Data extracted from a collection
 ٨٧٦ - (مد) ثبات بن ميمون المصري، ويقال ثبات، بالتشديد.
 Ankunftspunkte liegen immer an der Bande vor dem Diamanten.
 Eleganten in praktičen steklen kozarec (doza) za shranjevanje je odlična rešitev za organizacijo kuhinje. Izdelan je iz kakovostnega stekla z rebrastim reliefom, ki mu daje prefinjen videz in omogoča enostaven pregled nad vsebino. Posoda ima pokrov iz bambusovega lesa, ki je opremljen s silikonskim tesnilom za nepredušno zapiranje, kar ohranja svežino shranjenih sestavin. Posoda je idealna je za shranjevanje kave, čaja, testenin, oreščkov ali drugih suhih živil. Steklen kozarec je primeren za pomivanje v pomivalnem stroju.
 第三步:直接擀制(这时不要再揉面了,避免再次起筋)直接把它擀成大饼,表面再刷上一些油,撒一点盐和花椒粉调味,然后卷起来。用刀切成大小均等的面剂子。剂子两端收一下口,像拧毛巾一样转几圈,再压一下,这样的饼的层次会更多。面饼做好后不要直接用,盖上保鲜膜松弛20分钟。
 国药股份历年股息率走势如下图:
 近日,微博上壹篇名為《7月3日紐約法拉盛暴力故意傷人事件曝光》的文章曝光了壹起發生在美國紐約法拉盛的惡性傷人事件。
* * *
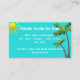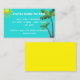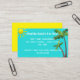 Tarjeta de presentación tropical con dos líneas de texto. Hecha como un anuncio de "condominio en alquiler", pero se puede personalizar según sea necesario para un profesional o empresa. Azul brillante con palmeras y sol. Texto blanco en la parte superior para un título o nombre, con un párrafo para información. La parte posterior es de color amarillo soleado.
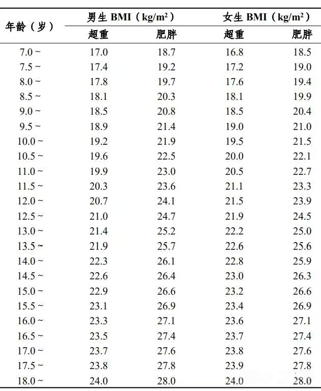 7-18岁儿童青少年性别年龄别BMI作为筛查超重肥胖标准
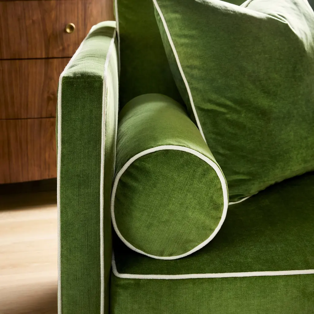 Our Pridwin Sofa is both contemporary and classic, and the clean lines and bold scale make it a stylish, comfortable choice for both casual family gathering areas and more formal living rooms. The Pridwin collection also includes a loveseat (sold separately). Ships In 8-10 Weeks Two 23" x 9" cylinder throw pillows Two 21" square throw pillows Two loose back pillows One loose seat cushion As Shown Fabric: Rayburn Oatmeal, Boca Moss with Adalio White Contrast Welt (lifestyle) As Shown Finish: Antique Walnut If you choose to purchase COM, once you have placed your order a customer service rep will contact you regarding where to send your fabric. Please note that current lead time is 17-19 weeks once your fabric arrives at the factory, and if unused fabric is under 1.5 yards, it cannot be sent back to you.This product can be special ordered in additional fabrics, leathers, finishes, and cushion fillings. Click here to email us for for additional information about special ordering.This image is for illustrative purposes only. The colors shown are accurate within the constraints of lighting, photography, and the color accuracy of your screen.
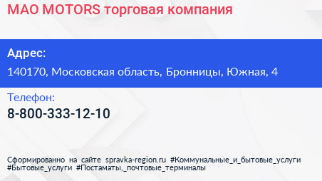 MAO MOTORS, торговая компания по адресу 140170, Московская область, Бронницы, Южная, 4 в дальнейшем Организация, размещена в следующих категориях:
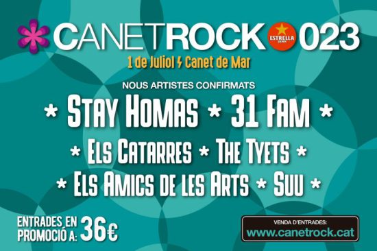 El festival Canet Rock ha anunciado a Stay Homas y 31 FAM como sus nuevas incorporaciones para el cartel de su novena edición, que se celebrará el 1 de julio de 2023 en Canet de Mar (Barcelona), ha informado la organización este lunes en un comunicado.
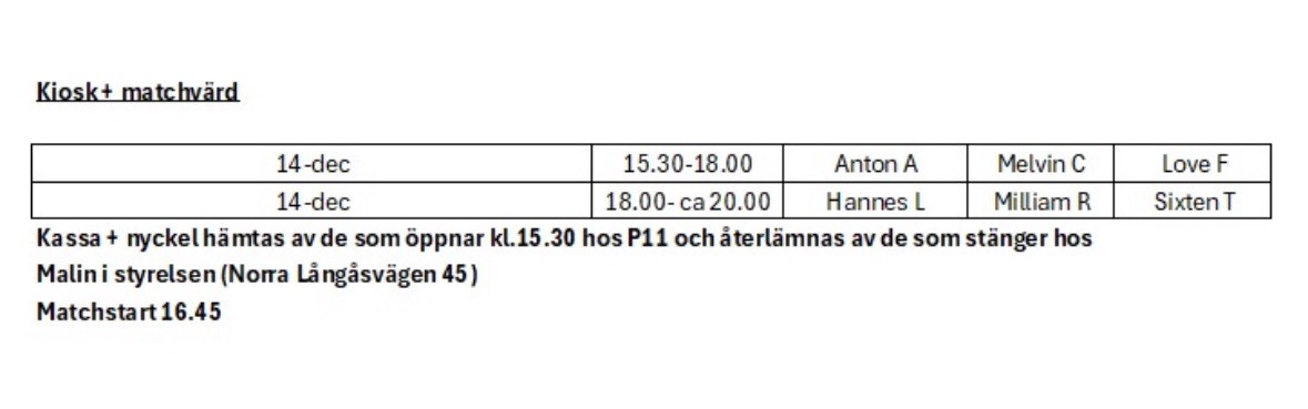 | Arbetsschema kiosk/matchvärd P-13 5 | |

## EXERCISE GOAL
Starting at the line that contains "٨٧٦ - (مد) ثبات" and stopping after the line that contains "Ankunftspunkte liegen immer", write out every line exactly as it appears above, and no other line.

## REPLY
 ٨٧٦ - (مد) ثبات بن ميمون المصري، ويقال ثبات، بالتشديد.
 Ankunftspunkte liegen immer an der Bande vor dem Diamanten.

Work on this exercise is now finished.